Last night the girls and I went to the Stake Christmas Concert. It was a wonderful time spent with the girls listening to each ward sing and all of us singing. The music was so beautiful and brought the spirit.

At the end, Stake President Roberts got up and told us about his married kids having a hard time trying to find him a Christmas present. They asked him what he wanted or needed and he said...

I only want one thing. My family with me.

He later talked about trying to forgive, helping others, being grateful for the miracles Heavenly Father bestows on us and sharing the joy of life with others.

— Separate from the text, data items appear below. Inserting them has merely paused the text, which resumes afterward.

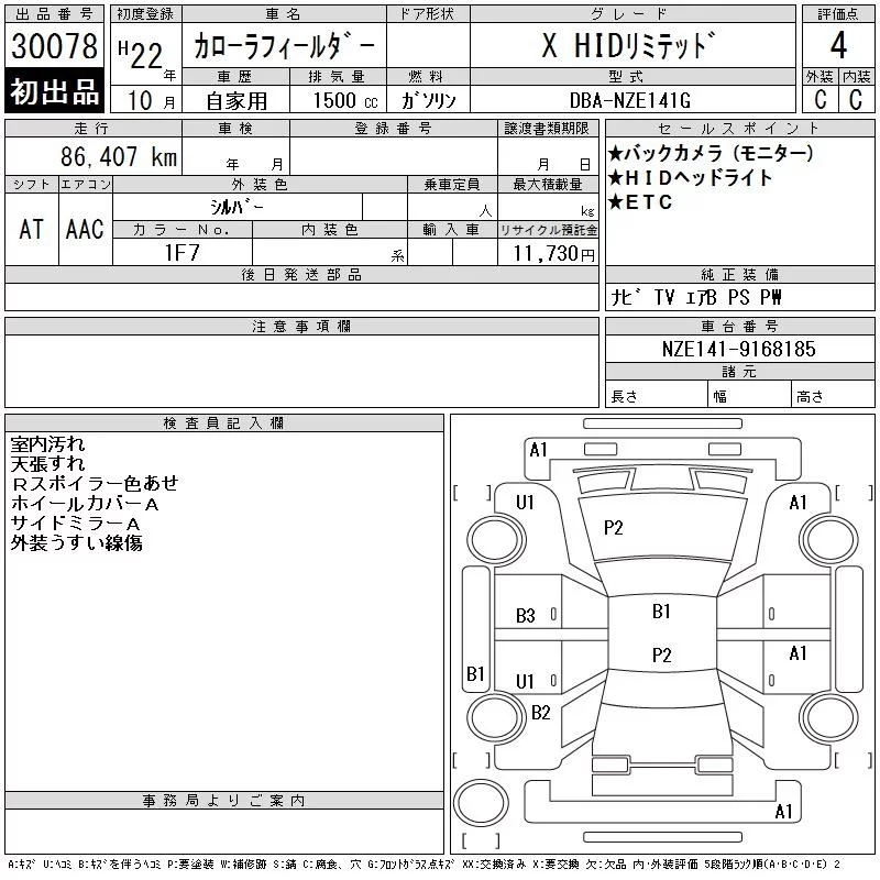 Toyota COROLLA FIELDER с аукциона Японии CAA Tokyo лот № 30078
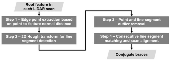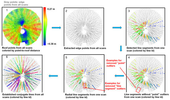 The stringers will be extracted from the previously segmented roof features from the scans when the SMART system is located close to the center of the facility, e.g., tripod-mounted in Figure 7a or ceiling-mounted in Figure 7b. The stringers follow the shape of the dome surface. Therefore, they can be modeled as quadratic curves. However, their projection onto a horizontal plane defined by the levelled scans, following the partial fine registration, would define straight lines that converge towards the apex. These characteristics of the stringers are used for their extraction and matching. Specifically, a four-step data processing workflow is implemented to derive conjugate stringers among acquired scans, as depicted in Figure 14.
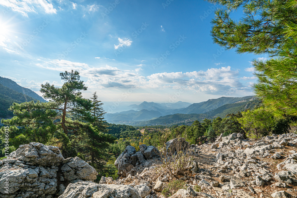 The scenic views of the Tahtalı Montain (Tahtalı Dağı), also known as Lycian Olympus with a height of 2365 meters near Kemer, in Antalya, Turkey.
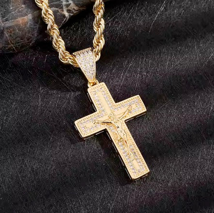 18K Gold Plated Cubic Zirconia Big Cross on Stainless Steel Necklace
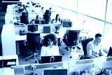Casually dressed workers in a busy open plan office
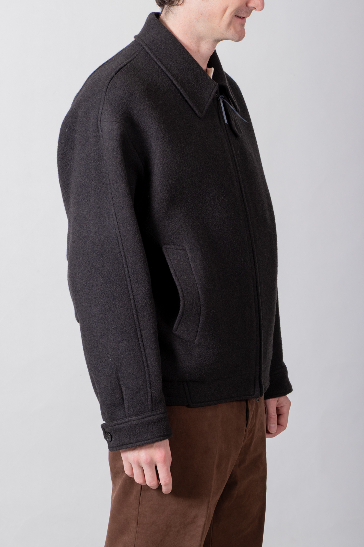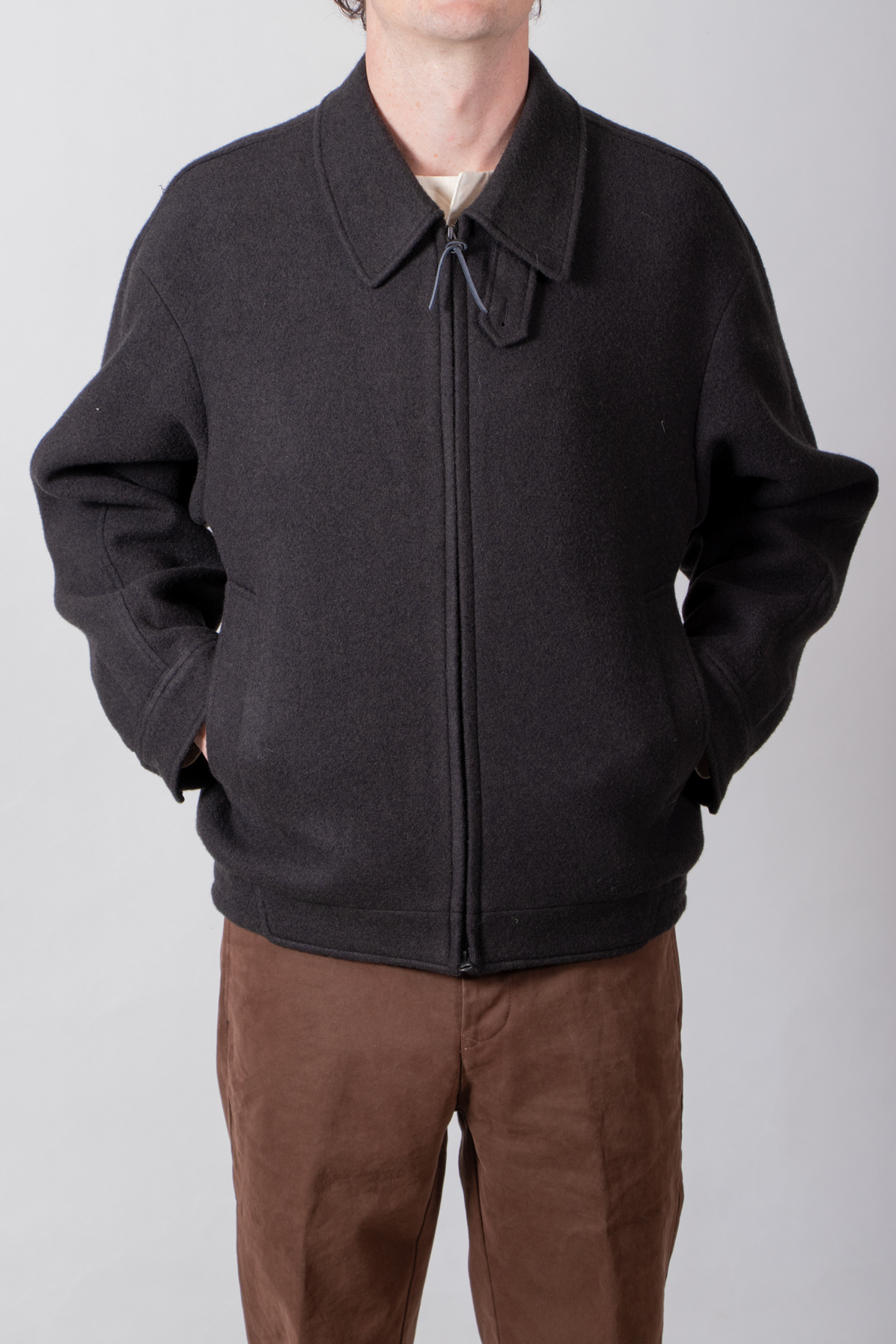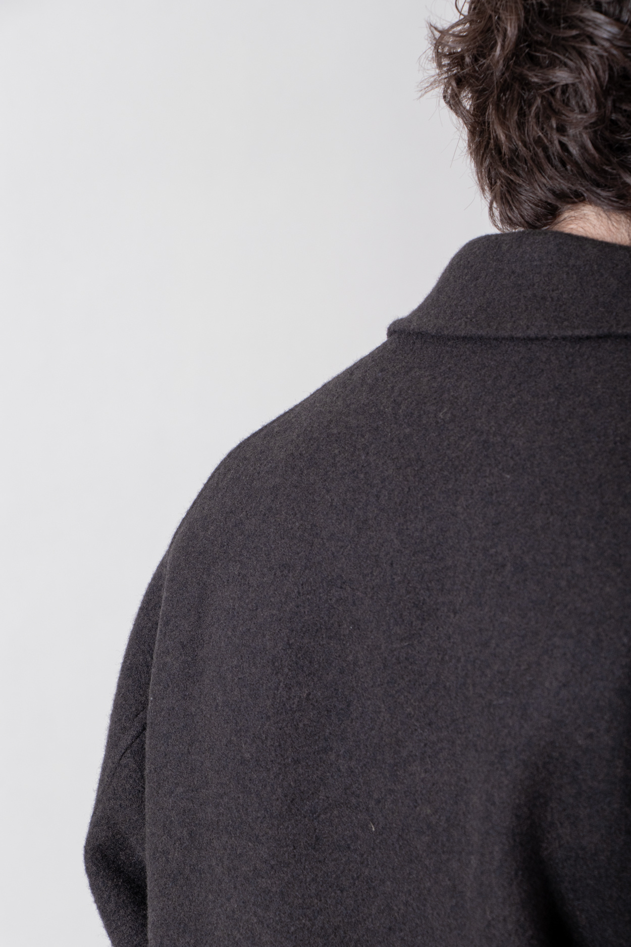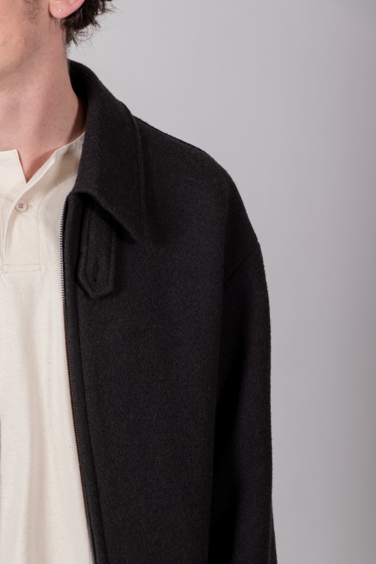 | Wollen jas van het Zuid-Koreaanse Rough Side, gevoerd met een nylon-stof. De jas is voorzien van rits, elastiek in de band, twee zakken en éen binnenzak. Ons model is 189 cm lang en draagt een maat L. | |
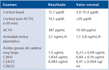 Por la historia de astenia y adinamia, asociada a pigmentación de encías y cicatrices de la piel, se planteó una insuficiencia suprarrenal, confirmada con los exámenes de laboratorio (Tabla 1); ello, en conjunto con las alteraciones en las neuroimagenes, sustentan la sospecha de Adrenoleucodistrofia ligada al X (ALD-X). La medición de ácidos grasos de cadena muy larga en plasma (Tabla 1) señaló niveles elevados de C26:0 y de la relación C24/22, C26/22, perfil característico y confirmatorio de ALD-X.
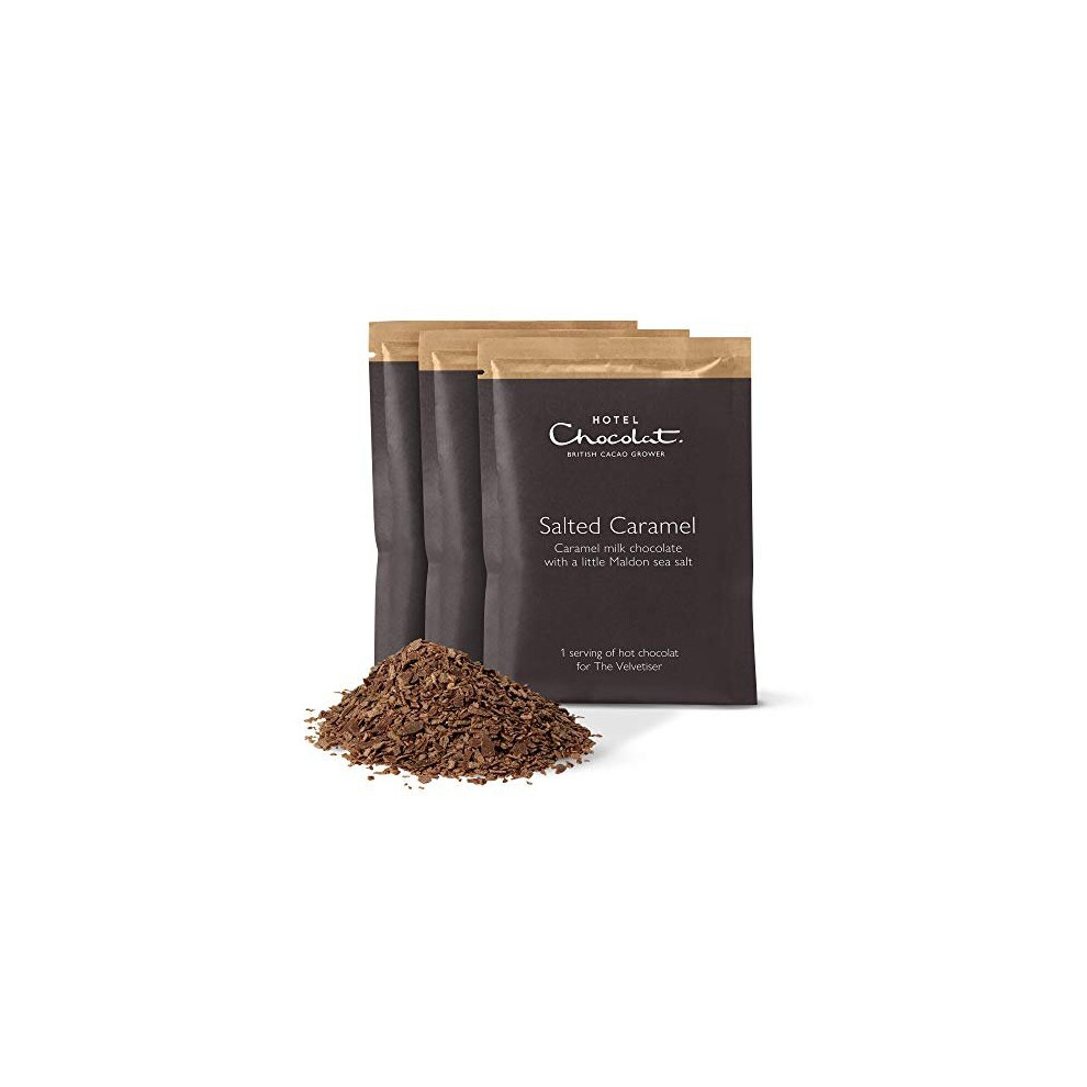 Hotel Chocolat Salted Caramel Hot Chocolate Sachets - Luxury Chocolate Flakes - Pack of 20 Single-Serve Sachets, 620g - Made To Pair With The Velvetiser - Serve Hot or Iced

I sat there a little surprised. 

Why you ask? Are these things uncommon to hear?

No, I have been trying to live each day one day at a time and trying not to take things for granted. I am also trying really hard to get rid of negativity in my life and forgive. Forgiving is hard, and trying to help my friends and family. I want them all to know how lucky they area and to not take each day for granted.  I may fail a little at these things or may go about it wrong, but at least I am honestly trying and it is coming straight from my heart. 

Oh, and I realized that since my incident, I have seen too many miracles to mention and so grateful to be alive and here to spend this Christmas with my kids. 

I haven't felt the spirit in so many years, but this year I am full of love and peace and want to spend as much time with my kids and Danny as I can. 

That is all I ever want for Christmas.